The scripture reading this past Lord's Day was from John 1. My ears perked up when they got to John 1:13 (NIV) because I heard a word I had not associated with that passage.



> ...children born not of natural descent, nor of human decision or a *husband*'s will, but born of God. (NIV)
> 
> ...Which were born, not of blood, nor of the will of the flesh, nor of the will of *man*, but of God. (KJV)



The Greek word there is _andros_, which is a form of _aner_ which means man/male, rather than mankind (_anthropos_). The KJV, NKJV, MKJV, ASV, NASB, ESV, and Geneva all use "man". Does this alternative translation change the sense of the reading? 

I am a beginner at translation and exegesis. Perhaps this is a good place to learn something.

Would anyone care to walk me through this?


----------



## Davidius

That's interesting. I never noticed it. ἄνηρ can mean "man" or, in specific contexts, "husband." Many languages do this, i.e. simply use the words for man and woman to mean husband and wife. I have no idea why the NIV translates it here as husband, though. 

Good question!


----------



## Tim

Davidius said:


> That's interesting. I never noticed it. ἄνηρ can mean "man" or, in specific contexts, "husband." Many languages do this, i.e. simply use the words for man and woman to mean husband and wife.

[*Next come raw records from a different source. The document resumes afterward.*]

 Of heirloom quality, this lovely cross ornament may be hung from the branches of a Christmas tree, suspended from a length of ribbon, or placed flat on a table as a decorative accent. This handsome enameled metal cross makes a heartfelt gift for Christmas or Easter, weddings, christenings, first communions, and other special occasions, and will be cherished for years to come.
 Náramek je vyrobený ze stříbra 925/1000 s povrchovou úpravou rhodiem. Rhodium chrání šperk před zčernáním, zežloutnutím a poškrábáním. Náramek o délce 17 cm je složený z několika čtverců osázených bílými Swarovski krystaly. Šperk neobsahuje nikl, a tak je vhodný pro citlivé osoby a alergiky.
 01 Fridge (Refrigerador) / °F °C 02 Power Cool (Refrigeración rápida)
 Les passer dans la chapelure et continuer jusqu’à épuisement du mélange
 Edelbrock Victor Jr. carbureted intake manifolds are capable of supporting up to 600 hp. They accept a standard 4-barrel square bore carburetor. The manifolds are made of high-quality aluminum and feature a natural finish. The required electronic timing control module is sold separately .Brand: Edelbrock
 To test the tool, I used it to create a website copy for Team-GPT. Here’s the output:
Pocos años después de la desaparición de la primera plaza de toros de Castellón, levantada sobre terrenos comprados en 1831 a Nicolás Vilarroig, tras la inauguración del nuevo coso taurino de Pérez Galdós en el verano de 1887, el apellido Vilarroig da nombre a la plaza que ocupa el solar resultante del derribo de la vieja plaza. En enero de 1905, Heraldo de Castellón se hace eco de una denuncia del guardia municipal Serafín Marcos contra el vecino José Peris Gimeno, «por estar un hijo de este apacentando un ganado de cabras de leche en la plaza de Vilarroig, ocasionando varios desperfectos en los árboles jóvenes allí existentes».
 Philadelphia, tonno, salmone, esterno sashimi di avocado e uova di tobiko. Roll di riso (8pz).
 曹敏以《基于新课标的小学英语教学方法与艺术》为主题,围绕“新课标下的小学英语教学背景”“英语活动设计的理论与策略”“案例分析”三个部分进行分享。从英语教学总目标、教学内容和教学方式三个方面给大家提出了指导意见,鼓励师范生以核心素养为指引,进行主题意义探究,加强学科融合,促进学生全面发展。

I have no idea why the NIV translates it here as husband, though.
> 
> Good question!



How did you get the Greek text/font to post here? Did you just copy and paste from one of your computer Greek texts?

-----Added 12/15/2008 at 09:00:54 EST-----

ανδρος 

Oh, it is that simple!

-----Added 12/15/2008 at 09:02:23 EST-----

אדם

And here is "man" or "Adam" in Hebrew!


----------



## Davidius

Tim said:


> Davidius said:
> 
> 
> 
> That's interesting. I never noticed it. ἄνηρ can mean "man" or, in specific contexts, "husband." Many languages do this, i.e. simply use the words for man and woman to mean husband and wife. I have no idea why the NIV translates it here as husband, though.
> 
> Good question!
> 
> 
> 
> 
> How did you get the Greek text/font to post here? Did you just copy and paste from one of your computer Greek texts?
Click to expand...


I use TypeGreek. You type with your English keyboard and the symbols are transliterated into Greek automatically. Most of the letters correspond to what you would think they'd be on the English keyboard (e.g. m = μ, n = ν, g = γ), but there are obviously a few exceptions. Click on the "Alphabet Key" link on the bottom right for help with those, as well as instructions about accents and breathing marks.


----------



## Tim

That's a really cool link. Thanks. It comes out so easily and fluidly. You just have to remember what are the English letters for the "double" Greek letters like theta/θ.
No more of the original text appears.